JEE Mains · Maths · STD 12 - 10. vector algebra
Let \(\mathrm{ABC}\) be a triangle of area \(15 \sqrt{2}\) and the vectors \(\overrightarrow{\mathrm{AB}}=\hat{i}+2 \hat{j}-7 \hat{k}, \quad \overrightarrow{B C}=a \hat{i}+b \hat{j}+c \hat{k}\) and \(\overrightarrow{\mathrm{AC}}=6 \hat{\mathrm{i}}+\mathrm{d} \hat{\mathrm{j}}-2 \hat{\mathrm{k}}, \mathrm{d}>0\).
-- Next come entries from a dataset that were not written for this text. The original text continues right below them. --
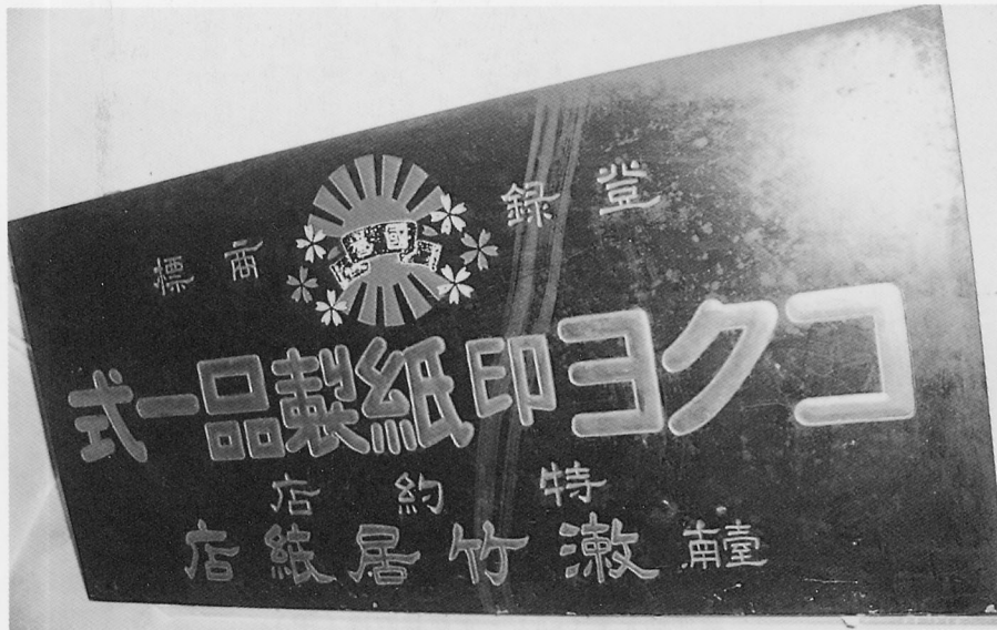
ヒワヨ印紙製品一式特約店招牌
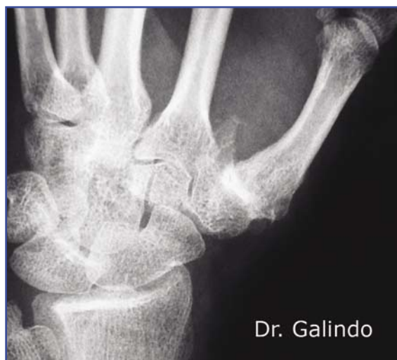
Figura 12. Rizartrosis de grado IV. Imagen prequirúrgica.

La inserción de la aguja de Kirschner debe hacerse bajo control radiológico y artroscópico, verificando que realmente la aguja estabiliza el Artelon® (Figuras 12-14).
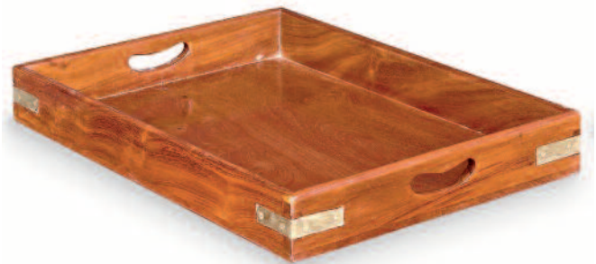
10 - Lot de deux plateaux de cabine en acajou massif avec renforts de protection et d'ornement en laiton. Provenance : P&O (Peninsular & Orient Company). Petit modèle - Hauteur : 7,5 cm. Longueur : 54,5 cm. Largeur : 36,5 cm. Grand modèle - Hauteur : 7,5 cm. Longueur : 63,5 cm. Largeur : 40,5 cm. Très bon état.
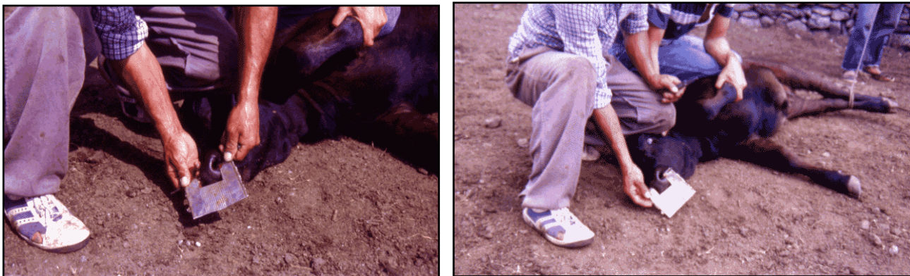
Colocación de la chapa en morro en un ternero.
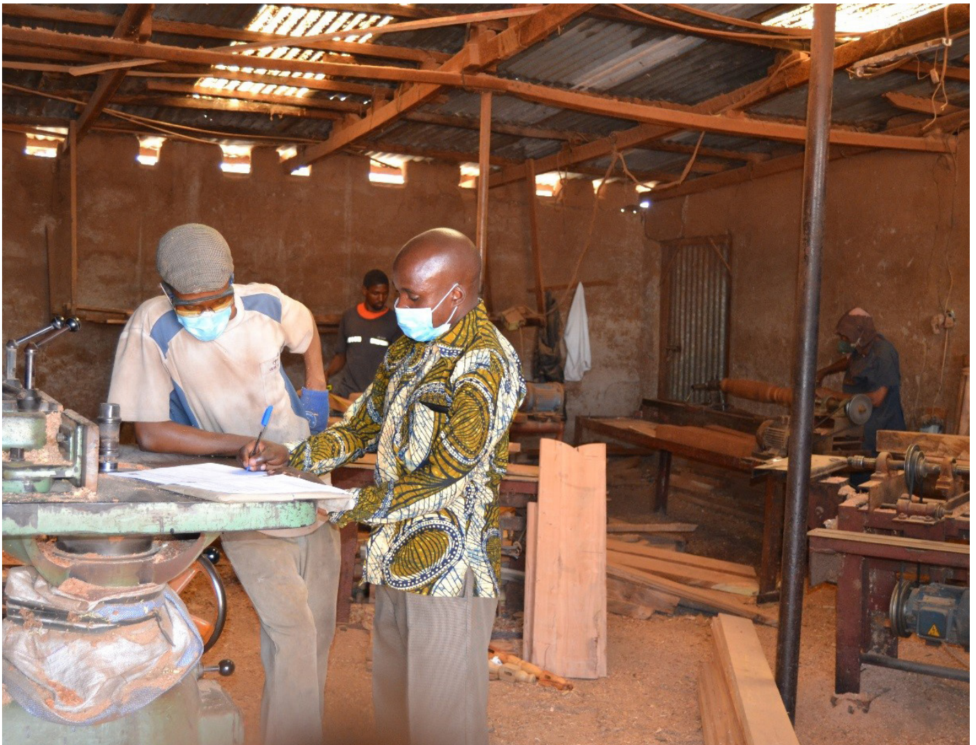
Kipindi cha mafunzo kuhusu programu ya Utambuzi wa Mafunzo ya Awali (Recognition of Prior learning (RPL)) kilichotolewa jijini Dar es Salaam hivi karibuni.

Wadau walioshiriki walibaini maeneo mengine muhimu yanayohitaji kufanyiwa kazi yakiwemo uunganishwaji wa Teknolojia ya Habari na Mawasiliano (TEHAMA) katika sekta zote na pia ili kuleta picha halisi ya matarajio ya ujuzi.

Then the square of the length of the largest side of the triangle \(\mathrm{ABC}\) is ...........
- A \(54\)
- B \(45\)
- C \(49\)
- D \(71\)
Answer & Solution
Correct Answer
(A) \(54\)
Step-by-step Solution
Detailed explanation
Area \(=\frac{1}{2}\left|\begin{array}{ccc}\hat{\mathrm{i}} & \hat{\mathrm{j}} & \hat{\mathrm{k}} \\ 1 & 2 & -7 \\ 6 & \mathrm{~d} & -2\end{array}\right|=15 \sqrt{2}\) \( (-4+7 d) \hat{i}-\hat{j}(-2+42)+\hat{k}(d-12) \) \( (7 d-4)^2+(40)^2+(d-12)^2=1800 \) \( 50 d^2-80 d-40=0 \)…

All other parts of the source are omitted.